Anthropic's deflection probes were built from dialogues where a speaker's target emotion differs from their displayed emotion — someone hiding anger behind a calm expression, for instance. Each per-emotion deflection probe captures a specific emotion that's contextually implied but not overtly expressed; steering with such a probe produces evasive rather than expressive outputs. In the paper, deflection is shown to be a distinct operation from expressing an emotion directly.

Dialogue construction with two models

We reproduce this construction with one modification: we use two models for dialogue generation rather than one. Sonnet 4.5 plays "Jordan" (the conversation partner) and the probed model plays "Alex" (the deflector). Negative-target dialogues pair each of 6 hidden emotions (afraid, angry, desperate, guilty, nervous, sad) with calm, cheerful, or docile as the visible display. Positive-target dialogues pair each of 9 hidden emotions (calm, cheerful, content, docile, excited, grateful, happy, loving, proud) with stoic, bored, or indifferent. Display masks are identical across models; repeat counts differ on the negative-target side (100 per display per target on Trinity, 50 on K2.5) but match on positives (50 per display per target on both).

For block-structure analysis, per-emotion deflection probes are constructed as unit(raw_mean_e − global_mean): take the mean Alex activation across dialogues with target emotion X, subtract the global mean across all 15 targets, and unit-normalize. The hiddenness construction (below) uses per-emotion raw activation means directly, without centering.

Valence block structure in raw deflection probes

Both models show the same valence block structure in raw-means deflection probes:

Block Trinity K2.5
Within-negative (6×6, 15 pairs) +0.734 +0.715
Within-positive (9×9, 36 pairs) +0.600 +0.533
Cross-valence (6×9, 54 pairs) −0.708 −0.666

Emotions within the same valence point in similar directions in deflection space; opposite-valence emotions point in opposite directions. Magnitudes agree across models to within ~0.07 across all three blocks.

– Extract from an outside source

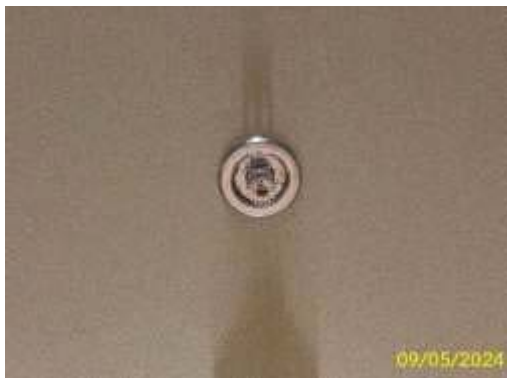
ระบบดับเพลิงแบบกระจายน้ำอัตโนมัติ ภาพที่ 1.3.10-1 ระบบป้องกันอัคคีภัย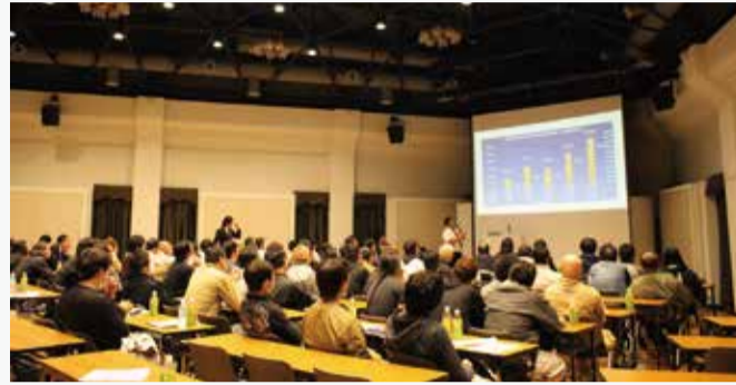
阪神安全大会出席者

大会では、日常でもなじみ深い安全運転をテーマに講話を実施。さらに現場で起こりうる事故・災害事例に基づき、事故の原因の究明、予防策を参加者全員が共有しました。最後には、今期の安全スローガン「見直すゆとりが 身を守るしなさいませない事故災害」を全員で唱和し、災害・事故ゼロと、業務の品質確保・向上を誓い合いました。

This pattern is consistent with the contrast-vector construction producing valence blocks trivially — averaging activations across dialogues labeled by target emotion, then subtracting the global mean across labels, naturally separates positive-target probes from negative-target probes along a valence-aligned axis. The near-identical magnitudes on two different architectures (Trinity AfMoE 400B, K2.5 DeepSeek-V3-variant 1T) suggest this block structure reflects the construction method rather than a model-specific geometric feature.

Figure 6
Figure 6: Deflection-probe pairwise cosine heatmaps for Trinity (left) and K2.5 (right), computed on raw-means probes (per-target mean activation, globally centered across targets, unit-normalized). Both models show the same valence block structure — positive within-valence blocks and strongly negative cross-valence — with matching magnitudes to within ~0.07 across all three block types.

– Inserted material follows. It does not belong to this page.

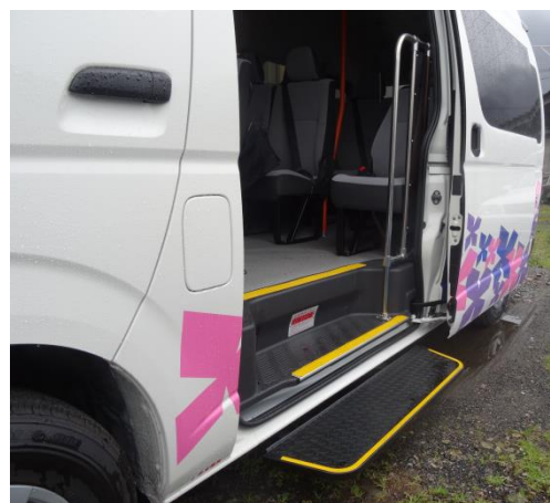
車の様子：ステップ

The hiddenness vector: isolating the "act of hiding"

To test whether there is a cross-emotion "act of hiding" component that survives the per-emotion valence structure, we define, for each target emotion X:

hiddenness_X = mean_activation(Alex hiding emotion X) − mean_activation(Alex expressing emotion X openly)

If both deflection_X and overt_X carry the "X emotion" signal, but deflection_X additionally carries "is being hidden," then subtracting one from the other removes the shared emotion content and leaves only the hiding component.

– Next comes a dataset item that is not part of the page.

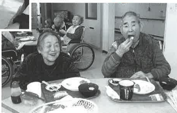
おいしくて、笑顔になります

い」と食べたい気持ちが続出!! 止まらない方が続出した!! 普段食べる機会の少ないにぎり寿司は、ご利用者さんに好評でした。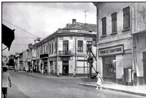
Fig. 11. Intersecția „Calea Rahovei” cu Strada „Antim” înainte de demolare

Intersecția Străzii Antim cu Calea Rahovei constituie al doilea centru al hărții mele mintale. Imaginați-vă: pe un colț, o librărie (Librăria „Grigore Alexandrescu”, vizavi de un magazin de „Fierărie. Tehnice. Sanitare”). (fig. 11)

Pairwise cosines between hiddenness vectors, using per-emotion raw activation differences:

Block Trinity K2.5
Within-negative (15 pairs) +0.989 +0.993
Within-positive (36 pairs) +0.984 +0.991
Cross-valence (54 pairs) +0.935 +0.970
Leave-one-out vs mean (15) +0.978 +0.990

Mean pairwise cosine similarity between per-emotion hiddenness vectors (hiddenness_X = deflection_X − overt_X), computed within and across valence blocks on both models.

All pair means fall between +0.935 and +0.993. Cross-valence cosines are only modestly below within-valence, and the valence block structure visible in the raw deflection probes is absent: a single direction suffices to describe the "act of hiding" across all 15 emotions on both models, regardless of the valence of what's being hidden. Anthropic characterized per-emotion deflection as capturing a specific hidden emotion; our hiddenness construction strips out the per-emotion content and isolates a cross-emotion component of the same probes, which is strongly universal.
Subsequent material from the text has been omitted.